__ABOUT THIS EXERCISE__
Give an exact reproduction of the lines from the one with "En otro recorte, el" to the final line of the entries below, both ends included, and omit the pictures.

DATA PROVIDED below:

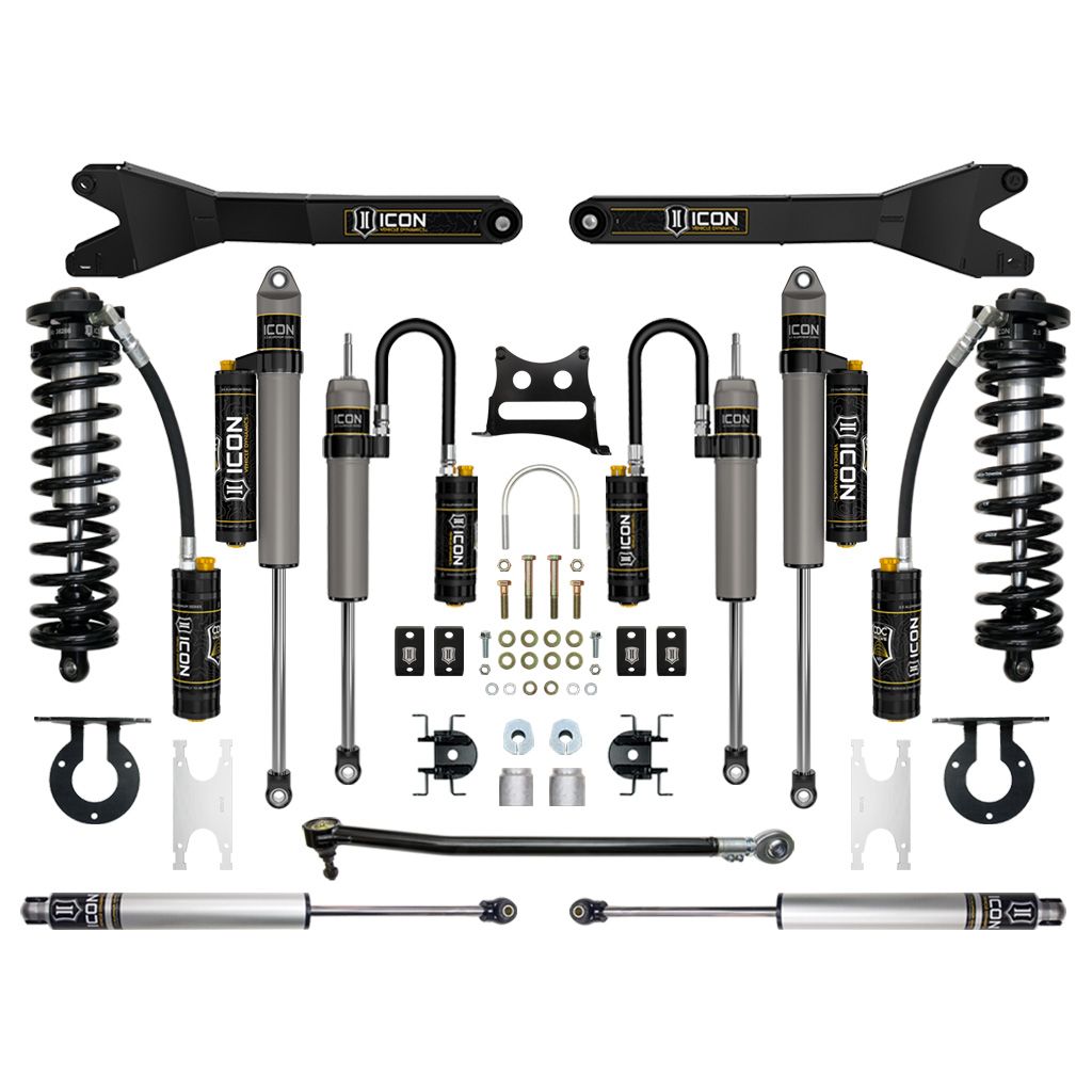This Stage 6 system sees the inclusion of the ICON Vehicle Dynamics Ford Super Duty Radius Arm System that feature a sealed pivot bushing that minimizes road feedback and ensures a long life and quiet operation. Additionally, their fabricated, fully boxed design ensures strength and utilizes a profile optimized for tire clearance at full steering lock, making a 37” tall tire clear without coming in contact with the radius arm.
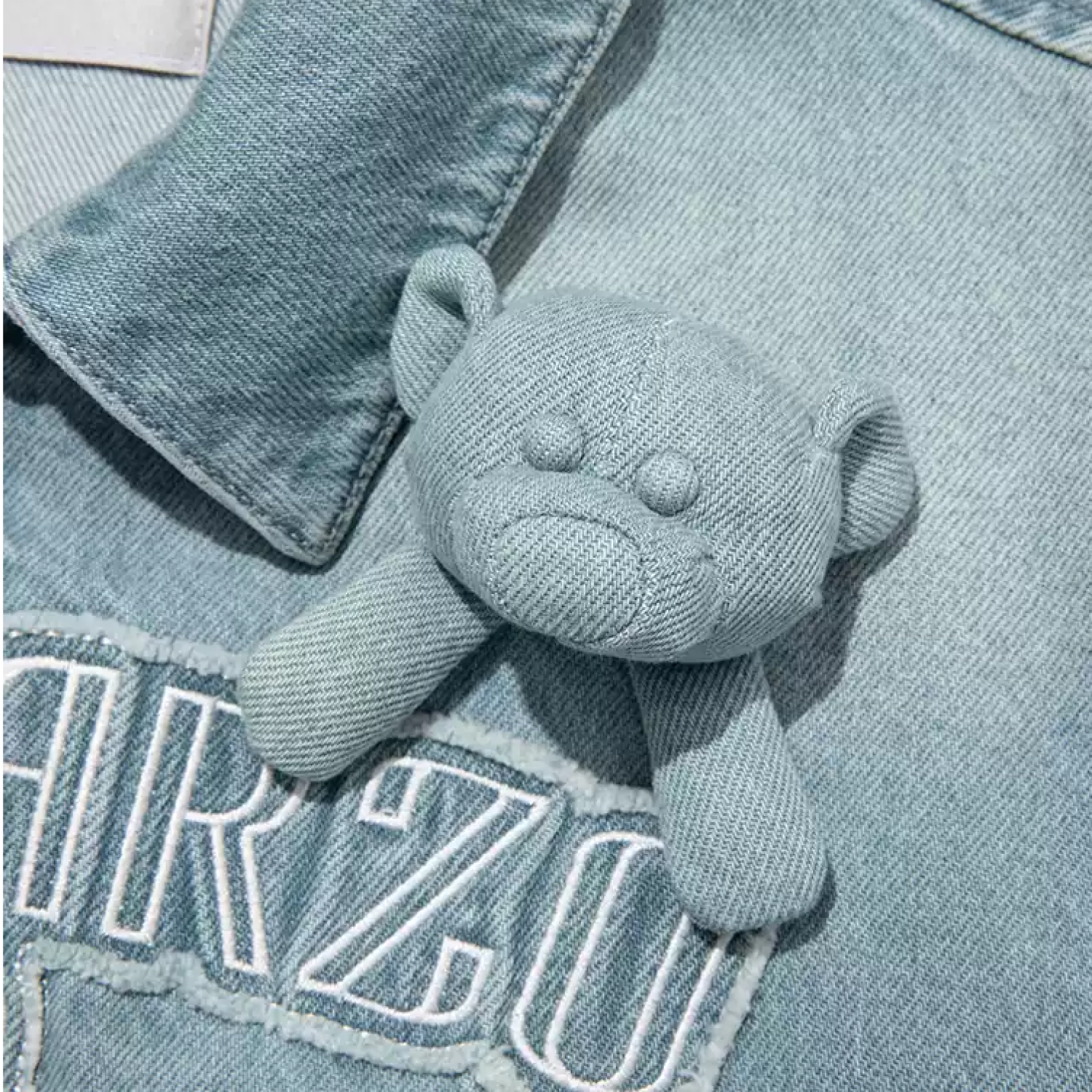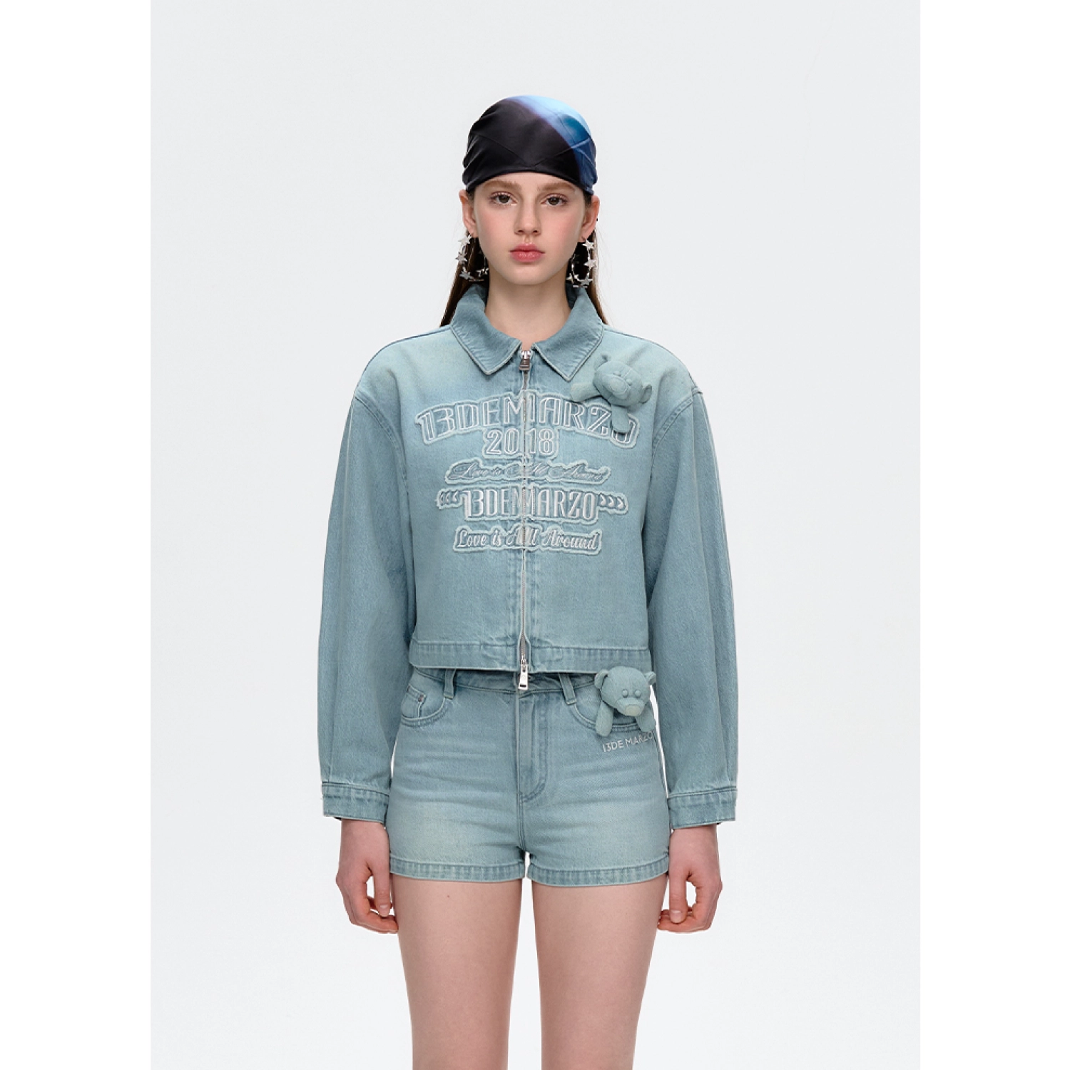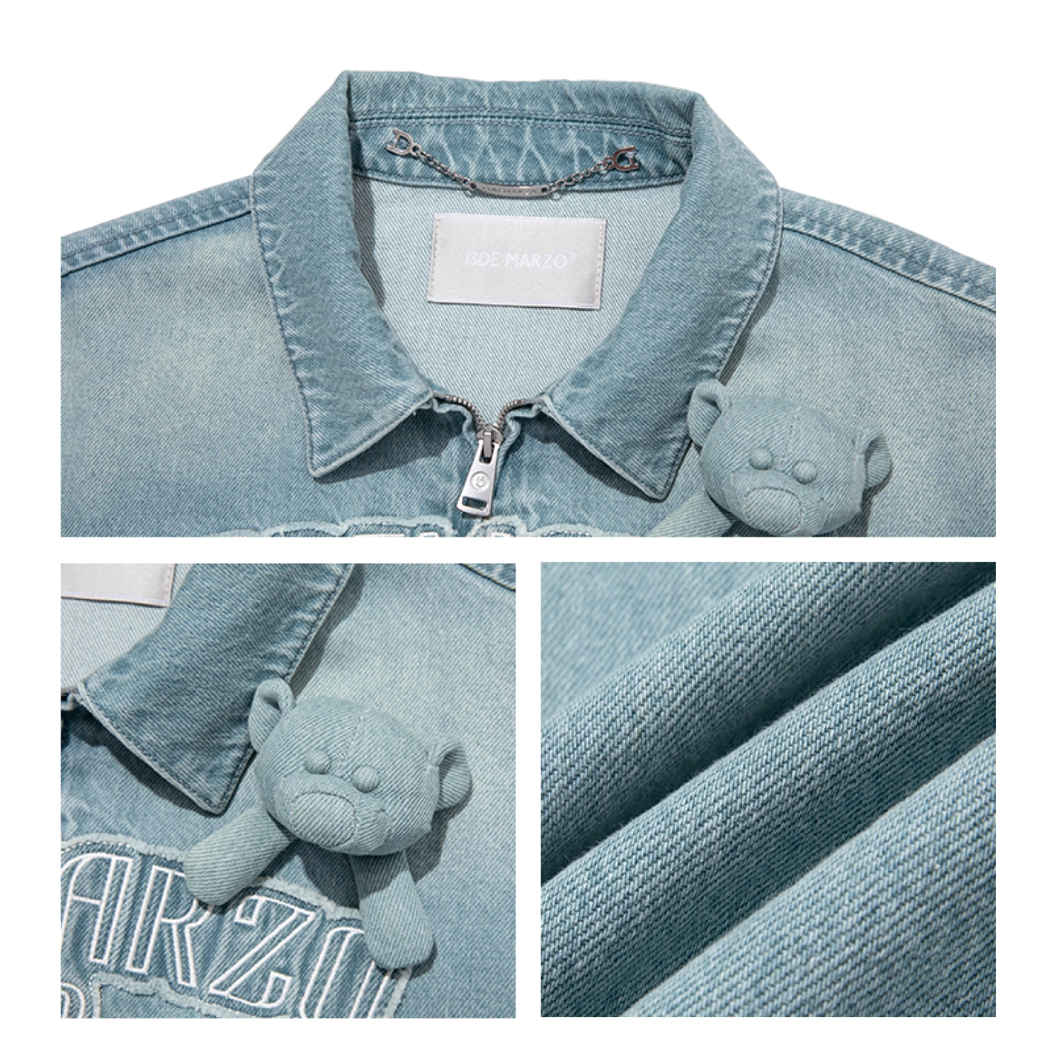13DE MARZO Denim Frayed Embroidered Jacket Blue
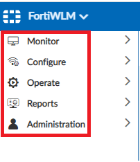 FortiWLM MEA supports specific options of the Monitor, Operate, and Administration tabs for FortiGate controllers. You can add and manage FortiGate controllers (with the available options).
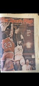 En otro recorte, el rival es la Universidad de Virginia. El texto recuerda una defensa asfixiante, un intercambio constante de ventajas… hasta que, en el momento decisivo, “Eddie Phillips stuff sealed the Cavs’ fate”: un mate que selló el pase a la siguiente ronda. La fotografía capta el instante, Eddie colgado del aro, con la expresión de quien sabe que ha cambiado el destino del partido.
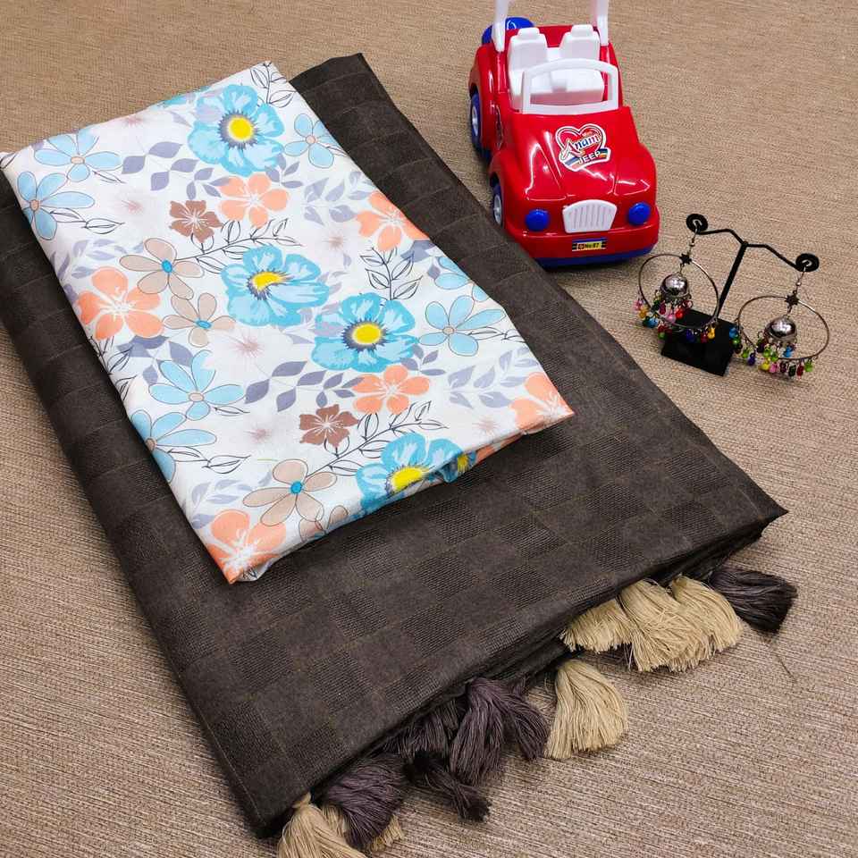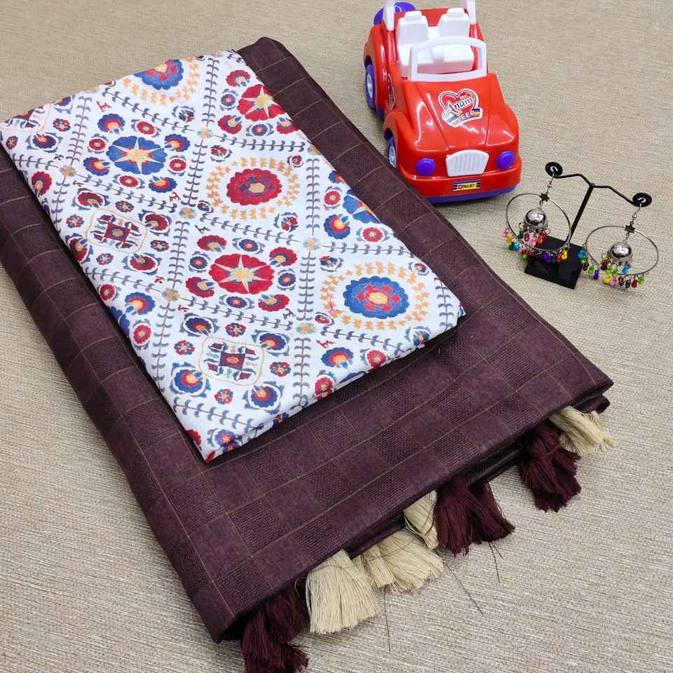 ผ้าไหมสาลี่ปอกระเจาหนา,เสื้อส่าหรีพร้อมผ้าฝ้ายทอและวิจิตราผ้าไหมแท้พิมพ์ลายดิจิตอลพร้อมเครื่องประดับฟรี
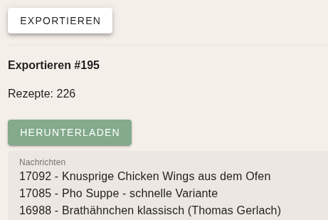 ich versuche gerade, meine Datenbank in z. B. das Tandoor-Format zu exportieren (alle Rezepte).

End of DATA PROVIDED.

__ANSWER FOR THE TASK__
 En otro recorte, el rival es la Universidad de Virginia. El texto recuerda una defensa asfixiante, un intercambio constante de ventajas… hasta que, en el momento decisivo, “Eddie Phillips stuff sealed the Cavs’ fate”: un mate que selló el pase a la siguiente ronda. La fotografía capta el instante, Eddie colgado del aro, con la expresión de quien sabe que ha cambiado el destino del partido.
 ผ้าไหมสาลี่ปอกระเจาหนา,เสื้อส่าหรีพร้อมผ้าฝ้ายทอและวิจิตราผ้าไหมแท้พิมพ์ลายดิจิตอลพร้อมเครื่องประดับฟรี
 ich versuche gerade, meine Datenbank in z. B. das Tandoor-Format zu exportieren (alle Rezepte).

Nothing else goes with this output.